House teams instructs CS Mailu to support biotech research

Health Cabinet Secretary Cleopa Mailu speaks before the Senate Health committee on February 14, 2017 at Parliament Buildings. He has been told not to interfere with research on biotech products. PHOTO | DENNIS ONSONGO | NATION MEDIA GROUP

What you need to know:

  • Mr Noor revealed that the committee is working on a petition seeking to push the government to support modified crops research.
  • The ban has been in place since November 2012, though the study was later retracted for failure to adhere to standard research procedures.

Health Cabinet Secretary Cleopa Mailu has been asked to stop frustrating research on genetically modified crops on the basis of an existing ban on importation of the crops.

The National Assembly’s Agriculture committee said Dr Mailu has no point suspending national performance trials for biotech maize.

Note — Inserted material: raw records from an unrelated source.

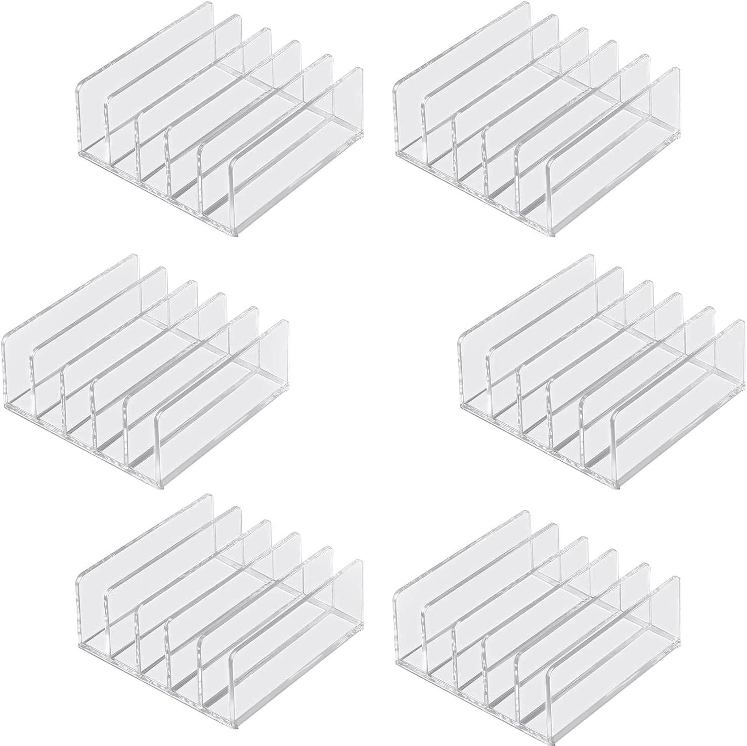 6Pack Acrylic Mail Organizer for Sorting Mail, Business Card, 5Slot Acrylic Mail Sorter for Desktop Shelf, Clear Bill Money Divider for Cash Envelope, Desk Organizer, Home and Office Use
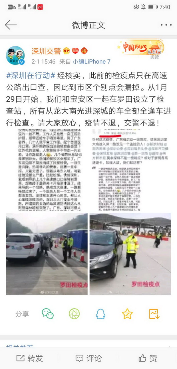 2月1日下午,深圳交警在其官方微博上表示,經(jīng)核實,此前的檢疫點只在高速公路出口查,因此到市區(qū)個別點會漏掉。從1月29日開始,深圳交警和寶安區(qū)一起在羅田設(shè)立了檢查站,所有從龍大南光進(jìn)深城的車全部全逢車進(jìn)行檢查。請大家放心,疫情不退,交警不退。
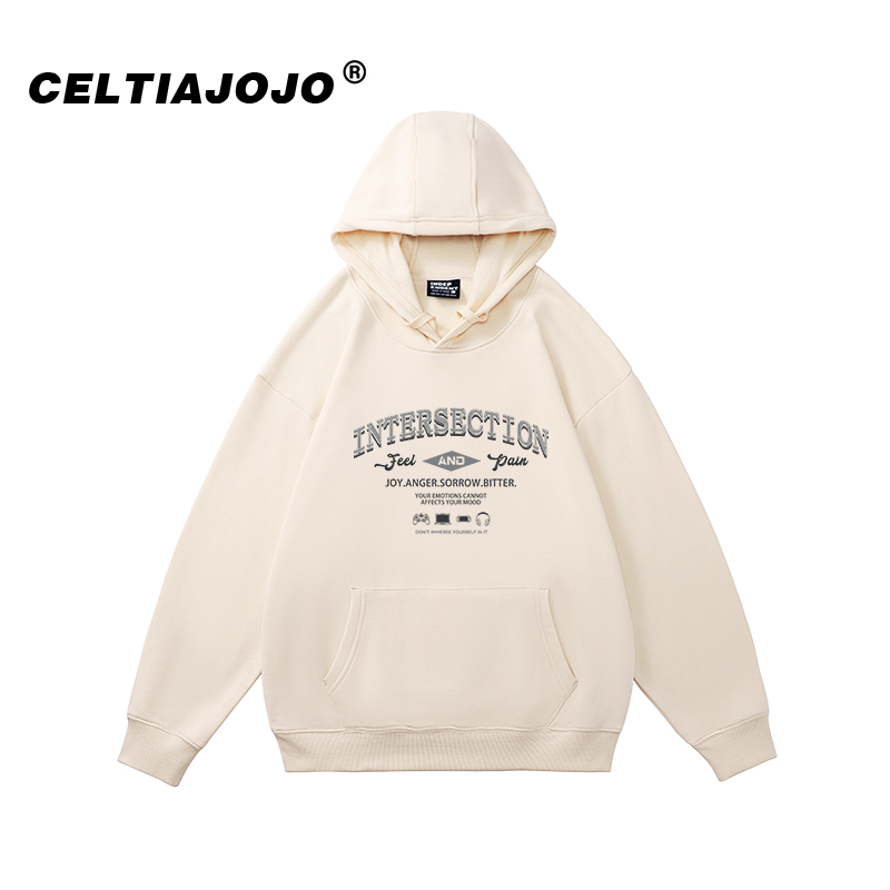 2025年新款 字母印花加绒连帽卫衣内搭情侣 复古设计感vintage美式

“Nobody in Parliament said research should be banned. Our scientists should continue with research, even if it results to home-grown products,” the committee chairman Adan Mohammed Noor said.

The then Public Health minister Beth Mugo while announcing the ban said there was need to ascertain the safety of the biotech crops imports, following a controversial study by French researchers that linked the crops to cancer.

The ban has been in place since November 2012, though the study was later retracted for failure to adhere to standard research procedures.

Mr Noor revealed that the committee is working on a petition from the Kenya University Biotechnology Consortium seeking to push the government to support modified crops research and allow consumption of locally developed biotech crops.

This follows a move by the government to reject an application by local researchers who wanted clearance to conduct field trials of the locally developed genetically modified maize that is resistant to stalk-borer that affects the country’s staple crop.